Rilevanti per la ricostruzione degli eventi sono, per nostra fortuna, i reperti archeologici. Particolarmente importante è quello che gli archeologi inglesi hanno chiamato "Boudican destruction horizon" o "BDO" (letteralmente: "orizzonte di distruzione di Boudicca"): una stratigrafia di materiale bruciato spesso da pochi centimetri a 100 cm trovato durante gli scavi a Colchester, Londra e St Albans. Il BDO contiene principalmente canniccio bruciato e muri di fango. Normalmente tali muri di canniccio e fango marcirebbero ma l'intenso calore del fuoco fornì i componenti argillosi delle pareti in una sostanza dura, paragonabile alla ceramica. A Colchester, nel BDO sono stati trovati anche frammenti di ceramica da stoviglie romane di tipo ceramica sigillata provenienti della Gallia meridionale (c.d. "Sigillata gallica") e alcune monete romane dell'epoca di Aggrippa e Claudio, il che rende plausibile datare il BDO al biennio 60-61 d.C.[6] Reperti simili sono stati rinvenuti anche durante gli scavi a Londra.[7]

Per gli archeologi, la prova stratigrafica indica che gli insediamenti romani dell'epoca furono effettivamente bruciati come descritto nelle fonti antiche. Mentre le prime ricerche archeologiche nella prima metà del XX secolo attribuivano spesso unilateralmente prove di incendi negli strati di scavo romani alla ribellione di Boudicca, in tempi recenti la ricerca ha assunto una visione più differenziata e ha anche trovato prove di incendi del periodo romano che devono essere datati successivamente.[8]

Contesto[modifica | modifica wikitesto]

Antiche popolazioni celtiche della Britannia secondo Claudio Tolomeo.

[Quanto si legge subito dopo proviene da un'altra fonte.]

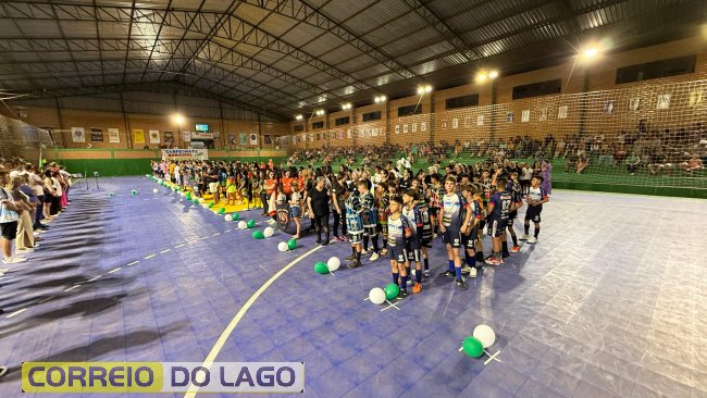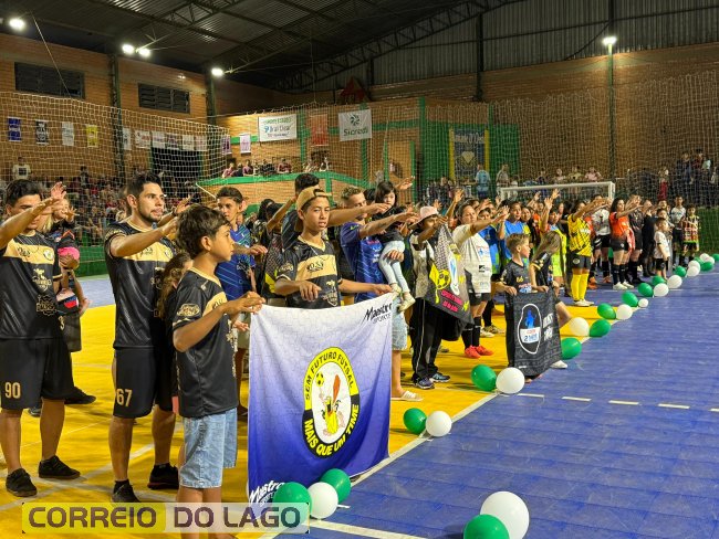 A solenidade aconteceu no Ginásio de Esportes Coração Amigo e reuniu autoridades locais, atletas do município e da região, representantes da Polícia Militar e um grande público.

La conquista romana della Britannia iniziò sistematicamente nel 43 d.C., per volere dell'imperatore Claudio. Tuttavia, l'attività militare romana era iniziata nelle isole britanniche già nel secolo precedente, quando nel 55 e nel 54 a.C. l'esercito di Gaio Giulio Cesare mosse dalla Gallia, dov'era impegnato nella sottomissione di queste regioni, alla volta della Britannia. Di fatto, queste operazioni militari non portarono a nessuna conquista territoriale, creando però una serie di clientele che avrebbe portato la regione, specie il sud dell'isola, nella sfera d'influenza economica e culturale di Roma. Da qui scaturirono quei rapporti commerciali e diplomatici che apriranno la strada alla conquista romana della Britannia.[9]

Al momento dello sbarco delle truppe imperiali romane in Britannia, nel 43 d.C., diverse tribù indigene offrirono appoggio agli invasori, vedendo nei Romani l'occasione di affrancarsi dalla tirannia dei clan rivali. Tacito stesso individua nella divisione interna dei Britanni una delle principali ragioni del successo romano:[10]

«Se i Britanni si fossero contati avrebbero scoperto quanto esiguo era il numero dei soldati sbarcati! Così le Germanie avevano scosso il loro giogo; e a difenderle non c'era l'Oceano, ma un fiume.»

Fra i vari e solerti collaborazionisti figuravano anche gli Iceni, una tribù anticamente stanziata nell'Anglia orientale, che ottennero di mantenere la propria indipendenza in cambio di ingenti tributi. Principali oppositori dei Romani furono invece i Catuvellauni, ma il grosso delle resistenze venne rapidamente abbattuto e già per il 46 d.C. la presenza imperiale sull'isola pareva quanto mai salda. Carataco, condottiero dei Catuvellauni, continuò per anni a guidare la resistenza anti-romana da esule[11] ma nel 51 d.C. venne definitivamente sconfitto e catturato. Frattanto, il governo romano sulla provincia appena istituita cominciava ad assumere contorni sempre più autoritari ed oppressivi. Fu più volte imposto il disarmo alle tribù britanniche alleate o sottomesse (Iceni compresi). Scrive Tacito che le appropriazioni arbitrarie di terre e beni ai danni degli indigeni erano all'ordine del giorno,[12] così come la cooptazione di giovani uomini per servire nelle truppe ausiliarie o per lavorare nei cantieri pubblici. La situazione non fece che peggiorare quando, nel 59 d.C., il legato Gaio Svetonio Paolino venne nominato governatore della provincia. Influente uomo politico ed acclamato generale, Paolino era noto per l'inflessibilità mostrata nel trattare con i barbari (fossero essi alleati o nemici) e promosse immediatamente un'aggressiva politica di sottomissione delle tribù del Galles.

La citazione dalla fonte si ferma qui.